MHB How Do You Prove the Formula for n Choose k?

[wittysoup]

Hello all,

I need a little help with how to go about proving the following:
View attachment 619

the formula for n choose k is n!/(k!(n-k)!)

For this, I have proceeded as follows:

Base case P(j):

View attachment 620

I am not sure if this is correct... but the next step would be to Assume P(k), I get stuck at that step because the algebraic expression does not look right... Am I going about this the right way? Thanks.

 

[MarkFL]

Your base case $P_j$ would be:

$\displaystyle \sum_{i=j}^j{i \choose j}={j \choose j}=1={j+1 \choose j+1}$

This is true.

Next, state the induction hypothesis $P_k$:

$\displaystyle \sum_{i=j}^k{i \choose j}={k+1 \choose j+1}$

I think my inductive step would be to add ${k+1 \choose j}$ to both sides:

$\displaystyle \sum_{i=j}^k{i \choose j}+{k+1 \choose j}={k+1 \choose j+1}+{k+1 \choose j}$

$\displaystyle \sum_{i=j}^{k+1}{i \choose j}={k+1 \choose j+1}+{k+1 \choose j}$

Now, what you need to do is show that:

$\displaystyle {k+1 \choose j+1}+{k+1 \choose j}={(k+1)+1 \choose j+1}$

Essentially, you need to prove Pascal's identity.
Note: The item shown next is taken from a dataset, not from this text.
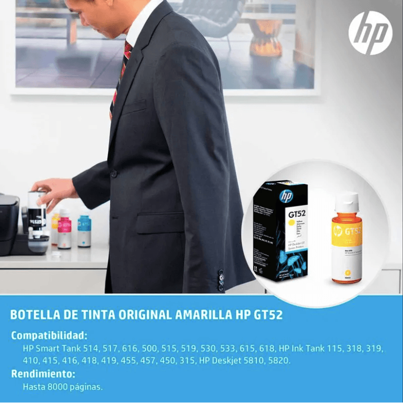 Referencia | Botella de Tinta HP GT52 Amarillo Modelo: M0H56AL Color: Amarillo Capacidad de impresión: Hasta 8.000 páginas (con cobertura estándar según pruebas de HP) Volumen: 70 ml Tipo de tinta: Tinta colorante (dye-based) Compatibilidad Compatible con impresoras HP con sistema de tanque de tinta: HP DeskJet GT 5810 HP DeskJet GT 5820 HP Ink Tank 310 / 315 / 319 HP Ink Tank Wireless 415 / 419 Ideal para usuarios que buscan un rendimiento confiable a bajo costo. Aplicaciones y rendimiento Ideal para impresión frecuente de documentos y gráficos en color. Colores brillantes, vivos y de secado rápido. Bajo costo por página, ideal para oficinas, estudiantes y negocios. Tecnología y sistema Tecnología de impresión HP Thermal Inkjet. Sistema de recarga limpio y sin derrames. Compatible con impresoras HP de tanque de tinta original (Ink Tank y GT series). Contenido del empaque 1 botella de tinta HP GT52 Amarillo (M0H56AL). Boquilla de precisión para rellenado. Manual de instalación rápida (puede variar según región). Beneficios Alta calidad de impresión con colores duraderos. Fácil recarga sin ensuciar. Tinta original HP: evita obstrucciones y protege la impresora. Parte del programa HP Planet Partners para reciclaje responsable. Dimensiones del producto Dimensiones aproximadas: 4,7 × 14,1 × 4,7 cm. Peso bruto: 110 g aprox. |

Use the definition of the binomial coefficients to do so, and if you get stuck, we can offer further guidance.

 

[wittysoup]

Thanks for that, it seems like I miscalculated the first result... I am now stuck here, being that I do not know how to simplify this ( I actually worked out further on paper trying to get a common denominator)...

View attachment 621

 

[MarkFL]

I would state:

$\displaystyle {k+1 \choose j+1}+{k+1 \choose j}=\frac{(k+1)!}{(j+1)!((k+1)-(j+1))!}+\frac{(k+1)!}{j!((k+1)-j)!}$

Simplify a bit:

$\displaystyle {k+1 \choose j+1}+{k+1 \choose j}=\frac{(k+1)!}{(j+1)!(k-j)!}+\frac{(k+1)!}{j!(k+1-j)!}$

Next, factor:

$\displaystyle {k+1 \choose j+1}+{k+1 \choose j}=\frac{(k+1)!}{j!(k-j)!}\left(\frac{1}{j+1}+\frac{1}{k+1-j} \right)$

Combine terms within parentheses:

$\displaystyle {k+1 \choose j+1}+{k+1 \choose j}=\frac{(k+1)!}{j!(k-j)!}\left(\frac{k+1-j+j+1}{(j+1)(k+1-j)} \right)$

Combine like terms:

$\displaystyle {k+1 \choose j+1}+{k+1 \choose j}=\frac{(k+1)!}{j!(k-j)!}\left(\frac{k+2}{(j+1)(k+1-j)} \right)$

Combine factors:

$\displaystyle {k+1 \choose j+1}+{k+1 \choose j}=\frac{(k+2)!}{(j+1)!(k+1-j)!}$

Rewrite right side as binomial coefficient:

$\displaystyle {k+1 \choose j+1}+{k+1 \choose j}={(k+1)+1 \choose j+1}$

Thus, using this result in our inductive step, we obtain:

$\displaystyle \sum_{i=j}^{k+1}{i \choose j}={(k+1)+1 \choose j+1}$

We have derived $P_{k+1}$ from $P_k$ thereby completing the proof by induction.